------ Provided material ------

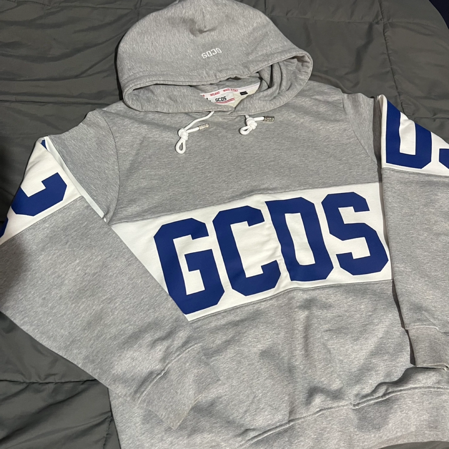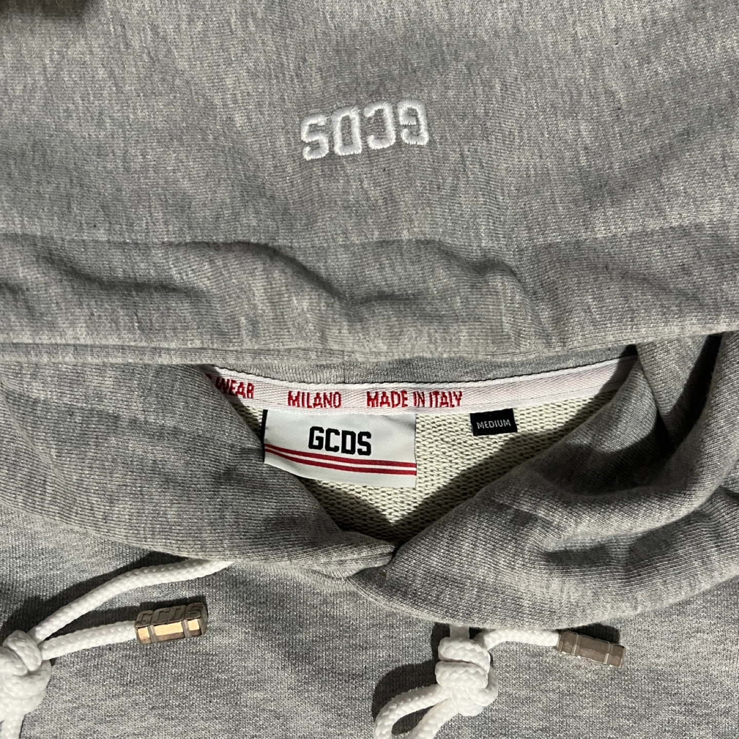 Selling a GCDS hoodie in grey, size medium. It's in new just removed tag, never used. It is not fake, genuine made in Italy. The hoodie features the GCDS logo prominently on the front. Perfect for casual wear.
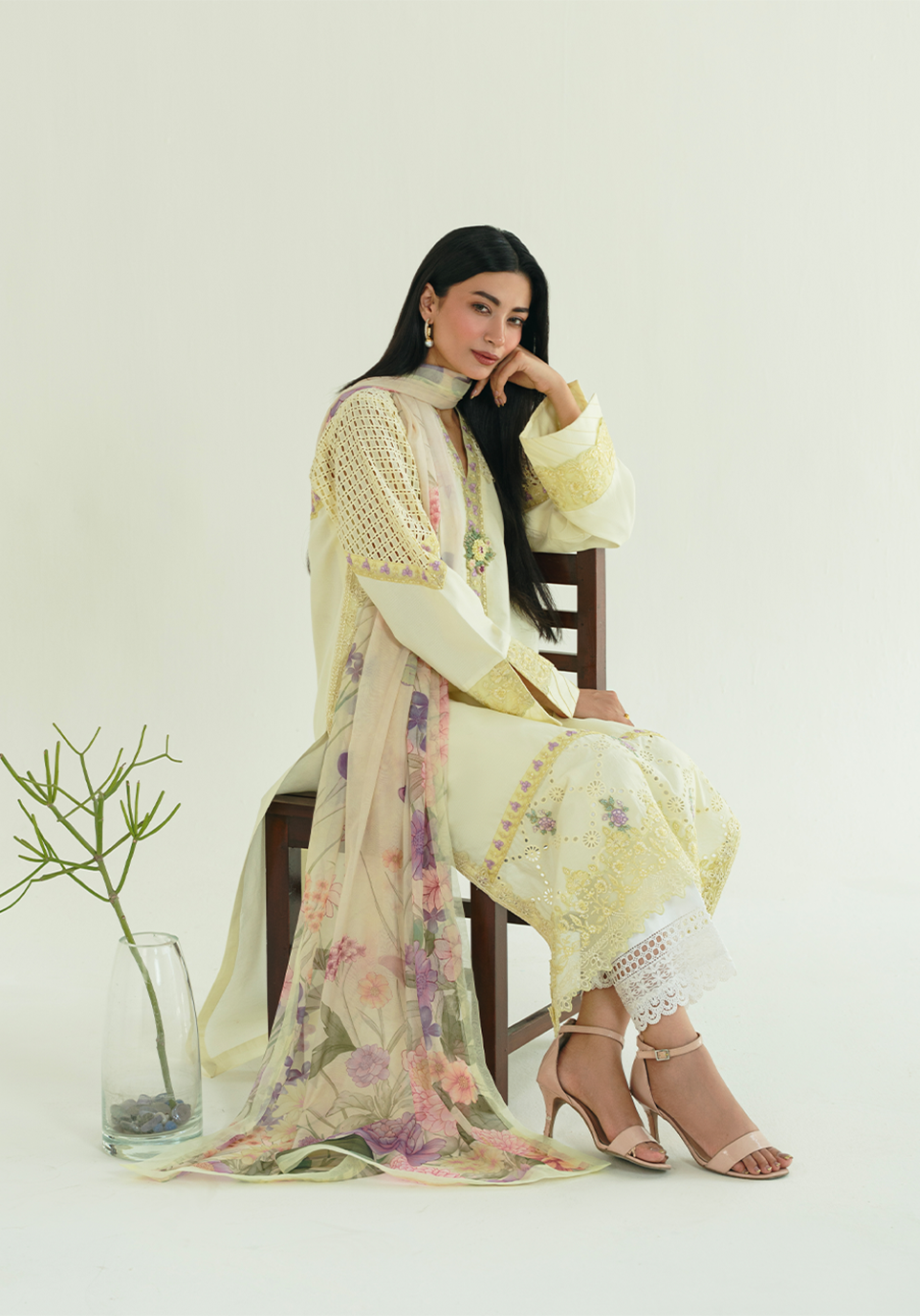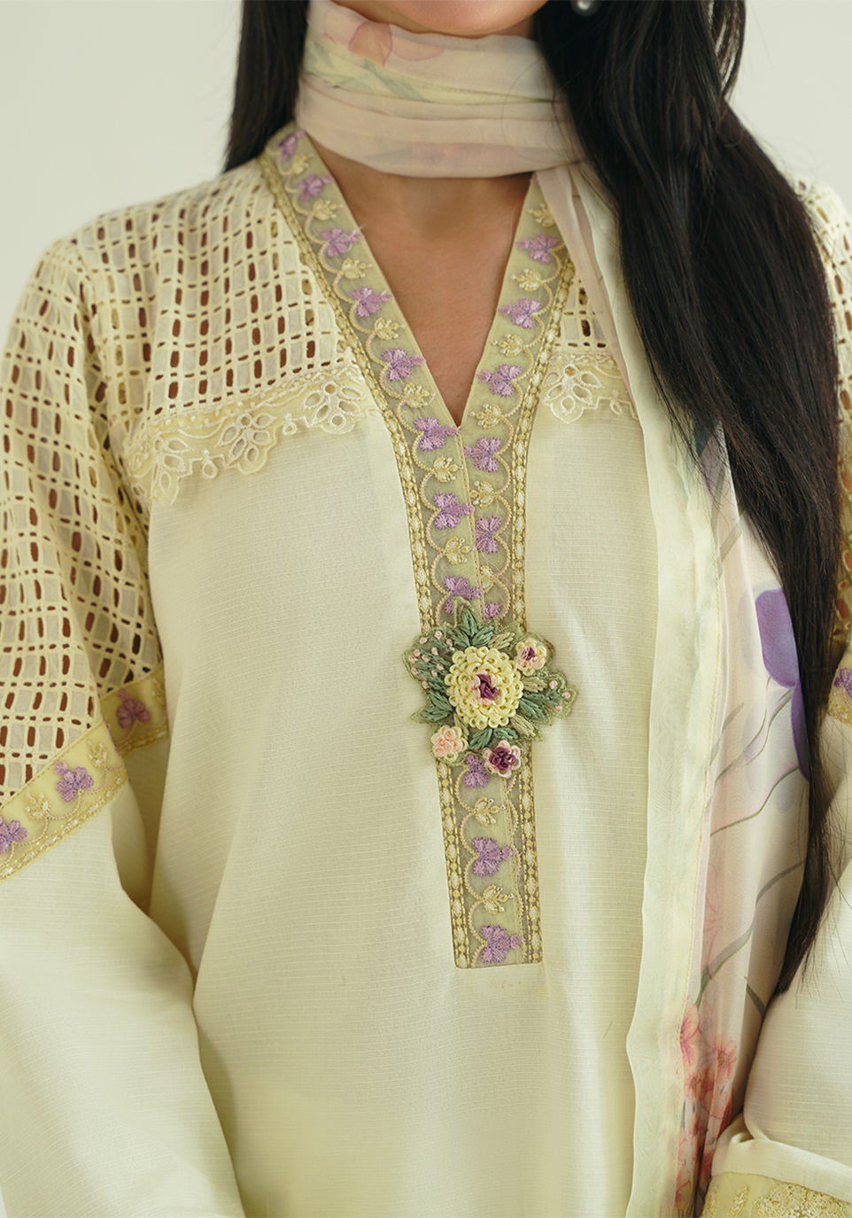 A soft serenade in butter yellow, this self-textured lawn kurta is gracefully intertwined with delicate eyelet fabric. The front is adorned with intricately embroidered rosettes in romantic hues of lavender, lilac, and sage — lending a painterly charm to the piece. The silhouette is further elevated with tonal embroidery on the hem and cuffs, creating a harmonious blend of texture and detail. Paired with a dreamy digital-printed dupatta in soft florals and our signature ivory pants featuring intricate lace detailing, this look exudes timeless elegance with a fresh summer spirit. contrary to reality or truth with the intent to deceive
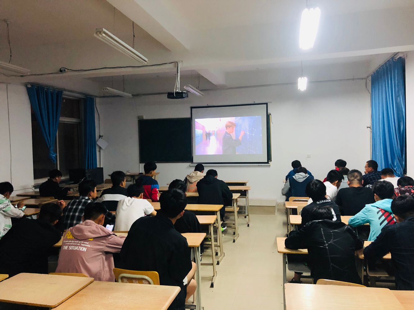 通過觀看教育影片《美麗心靈》教育同學(xué)們?cè)诿鎸?duì)生活、學(xué)習(xí)中的各種困難挫折時(shí),迎難而上,樂觀面對(duì)。
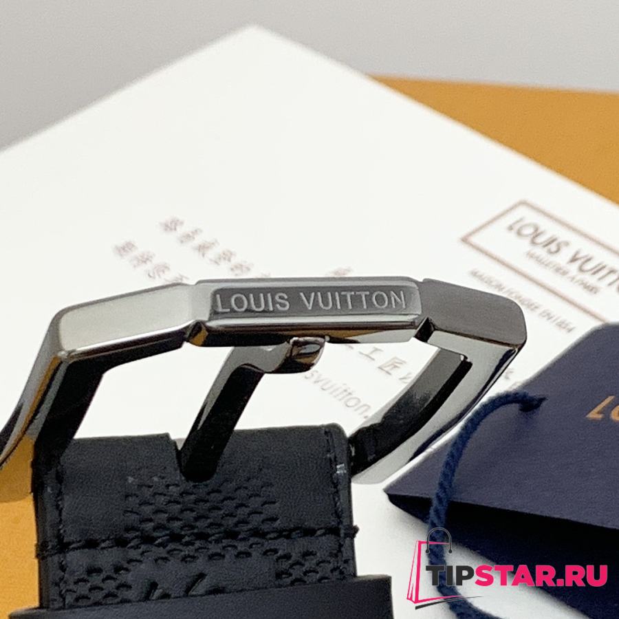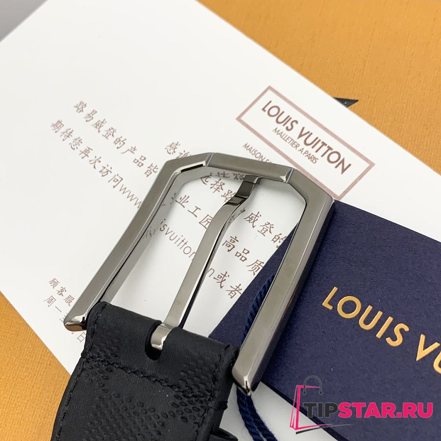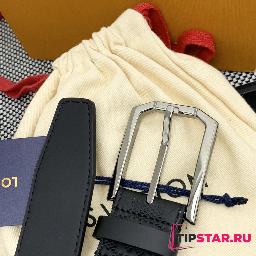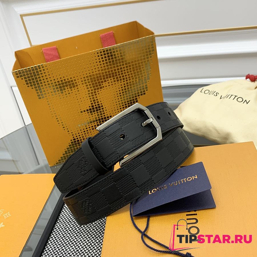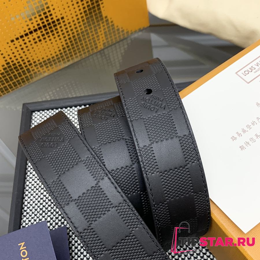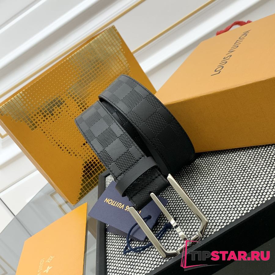 Louis Vuitton Damier Heritage belt grain leather silver hardware 3.5 cm in black
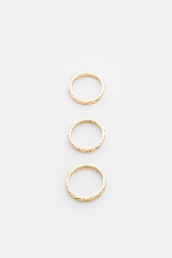 Adorn your fingers with this trio of rings. Designed in a premium gold-plated finish, you can wear separately for a minimal look or stack together for an on-trend touch.
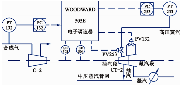 因此PV253與PV132閥的開度和高壓蒸汽的耗氣量、透平的轉(zhuǎn)速、抽汽有著密切關(guān)系。同時(shí)由于PV253控制合成氨裝置高壓蒸汽管網(wǎng)的壓力,因此100CT2的穩(wěn)定運(yùn)行是合成氨裝置穩(wěn)定運(yùn)行的重要保障。100CT2的調(diào)速系統(tǒng)采用美國(guó)伍德沃德505調(diào)速器,主要實(shí)現(xiàn)壓縮機(jī)組的啟動(dòng)控制和運(yùn)行時(shí)的轉(zhuǎn)速與抽汽壓力控制。
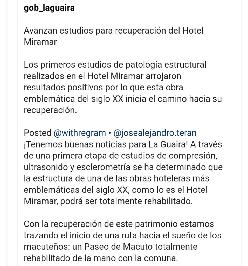 La información fue publicada a través de la red social Instagram @gob_laguaira, donde se detalló que “los primeros estudios de patología estructural realizados en el Hotel Miramar, arrojaron resultados positivos por lo que esta obra emblemática del siglo XX inicia el camino hacia su recuperación”.
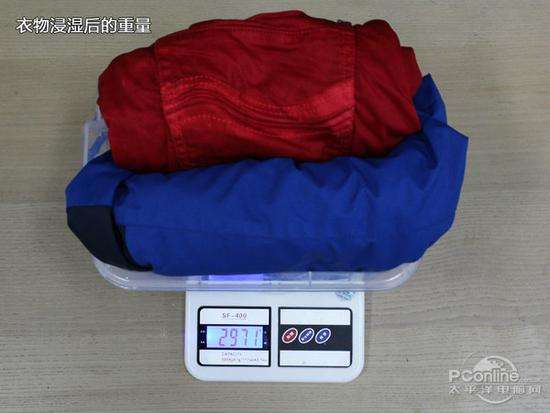 三件衣物浸濕后的重量為2971克,接下來的脫水測試也將針對這個重量去做對比。

------

Directions for this task
The response should reproduce all the material above exactly and leave out its pictures.

Exercise result
 Selling a GCDS hoodie in grey, size medium. It's in new just removed tag, never used. It is not fake, genuine made in Italy. The hoodie features the GCDS logo prominently on the front. Perfect for casual wear.
 A soft serenade in butter yellow, this self-textured lawn kurta is gracefully intertwined with delicate eyelet fabric. The front is adorned with intricately embroidered rosettes in romantic hues of lavender, lilac, and sage — lending a painterly charm to the piece. The silhouette is further elevated with tonal embroidery on the hem and cuffs, creating a harmonious blend of texture and detail. Paired with a dreamy digital-printed dupatta in soft florals and our signature ivory pants featuring intricate lace detailing, this look exudes timeless elegance with a fresh summer spirit. contrary to reality or truth with the intent to deceive
 通過觀看教育影片《美麗心靈》教育同學(xué)們?cè)诿鎸?duì)生活、學(xué)習(xí)中的各種困難挫折時(shí),迎難而上,樂觀面對(duì)。
 Louis Vuitton Damier Heritage belt grain leather silver hardware 3.5 cm in black
 Adorn your fingers with this trio of rings. Designed in a premium gold-plated finish, you can wear separately for a minimal look or stack together for an on-trend touch.
 因此PV253與PV132閥的開度和高壓蒸汽的耗氣量、透平的轉(zhuǎn)速、抽汽有著密切關(guān)系。同時(shí)由于PV253控制合成氨裝置高壓蒸汽管網(wǎng)的壓力,因此100CT2的穩(wěn)定運(yùn)行是合成氨裝置穩(wěn)定運(yùn)行的重要保障。100CT2的調(diào)速系統(tǒng)采用美國(guó)伍德沃德505調(diào)速器,主要實(shí)現(xiàn)壓縮機(jī)組的啟動(dòng)控制和運(yùn)行時(shí)的轉(zhuǎn)速與抽汽壓力控制。
 La información fue publicada a través de la red social Instagram @gob_laguaira, donde se detalló que “los primeros estudios de patología estructural realizados en el Hotel Miramar, arrojaron resultados positivos por lo que esta obra emblemática del siglo XX inicia el camino hacia su recuperación”.
 三件衣物浸濕后的重量為2971克,接下來的脫水測試也將針對這個重量去做對比。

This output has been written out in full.